Anne Canteaut, winner of the prestigious 2023 Joliot-Curie Prize for “Scientist of the Year” in France for her work on encryption, describes the status of women in science as “terrible” in an interview with AFP.
She is research director in computer science at Inria (National Institute for Research in Digital Sciences and Technologies) and was rewarded this week for her work in this discipline shrouded in mystery.
“It is the modern version of secret codes that we use to protect the confidentiality of information,” she explains. A world that was once the preserve of governments and the military, but that today everyone enters without realizing it, for example by using their bank card to make an internet purchase.
The 53-year-old researcher is currently working on “systems that use very little energy, such as remote-controlled medical implants, such as a heart defibrillator.” With a communications security imperative that is even greater than that “embedded in the car key.”
More a privateer of the king than a rapacious pirate, his role is to “find the flaws in a system before they are discovered by someone malicious.”
This science is based on both mathematics and computer science, a discipline that she definitely did not want to pursue after completing her preparatory courses in Lille, she says with a laugh.
His first year at ENSTA Paris (National School of Applied Techniques) was a revelation: “I discovered that computer science was a science and I loved it.”
– A situation that is “getting worse” –
Nothing predestined this good Dunkirk high school student, with a mother who taught history and geography and a father who was “absolutely not in the education system,” to undertake such a journey. A path “made possible by an education system that is now full of pitfalls.”
The major engineering schools “recruit only a few students, mainly from Ile-de-France,” funding for a thesis for the school’s best graduates “no longer exists,” and the few elected officials who have received graduate contracts “can do at best rent a maid’s room,” laments Anne Canteaut.
As for the status of women, she describes it as “terrible” and that the situation is “getting worse and worse.” “There are almost no women in science,” especially in computer science and mathematics, said the winner of the Irène Joliot Curie Prize, awarded by the Ministry of Higher Education and the Academy of Sciences and aimed at promoting the status of women goal has been set in research in France.
The engineer and researcher acknowledges the careful work of associations such as Animath or Femmes et Mathématiques, which strive to introduce young girls to science – she has taken part in interventions in middle and high schools.
But the contradictions annoy her: On the one hand, it is clear to everyone that women are too much of a minority in scientific disciplines, but on the other hand, “all the measures taken would only make the situation worse.”
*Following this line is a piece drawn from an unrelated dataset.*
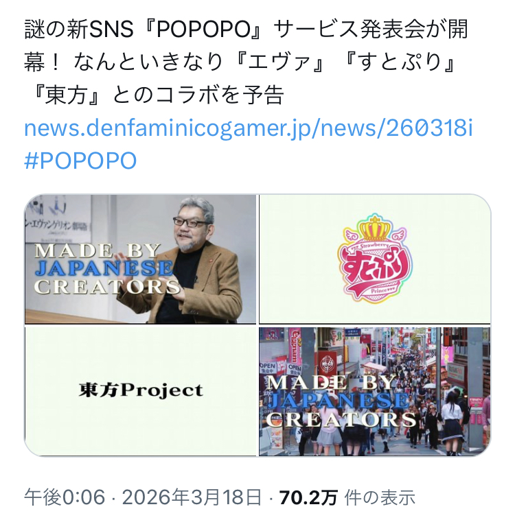 | … | 226/03/18(水)13:20:48No.1411881576そうだねx5ドワンゴがいるし同じ代理店がプロモーションしてるのか? |

Starting with the 2019 high school reform, which diminished the importance of mathematics and led to a decline in the number of girls enrolled in mathematics subjects. The reform was again “reformed” and since this year mathematics has again been compulsory for all high school students in the first grade.
Anne Canteaut also criticizes the system for awarding junior professorships that will be introduced from 2021, in which there is a separate jury for each position to be filled. An organization that has the perverse effect of preventing an overall vision of the nominations and respect for the diversity “and not just gender” of the applications.
Result: Of the twelve people who are qualified for a professorship at Inria within three years, only one is a woman.